Von der Routine zur Gestaltung – eine bewusste Neuausrichtung mit 60
Es war nicht geplant. Nicht wirklich. Ein Anruf eines alten Geschäftspartners und Bekannten aus der Gebäudereiniger-Branche. Ein gewohnt professioneller Austausch – über aktuelle Marktentwicklungen und laufende Projekte. Ein typischer Austausch halt – mit wie geht’s, was machst du, und dann die Frage: Kennst du nicht jemanden, der diverse Aufgaben übernehmen kann?

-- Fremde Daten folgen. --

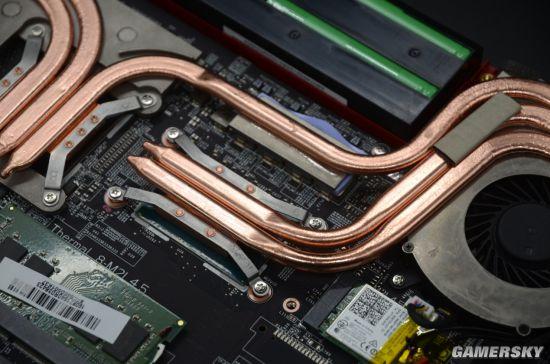 而为微星GP62MVR 6RF(Leopard Pro)-215CN游戏本内置i7-6700HQ处理器服务的热管数量则有两根,另有一根为GPU服务的热管,来照顾到CPU的供电模块。

Ich machte einen Vorschlag. Seine Antwort war klar: „Ich kenne die Person, ein toller Mensch. Aber ehrlich gesagt – ich suche jemanden wie dich. Ich will dich in meinem Team.“
Das hatten wir längst abschließend besprochen, dachte ich. Diese Konstellation sollte vom Tisch sein. Nicht nochmal.
Aber manchmal lädt sich in dir etwas auf, und ein einfaches Gespräch wird zum Wendepunkt.
Das Wichtigste in Kürze
Situation: Zwei Jahre Objektleiter im Dreischeibenhaus Düsseldorf. Gut strukturiert, vertrauensvolle Zusammenarbeit, ein fantastisches Team. Aber etwas fehlte mir.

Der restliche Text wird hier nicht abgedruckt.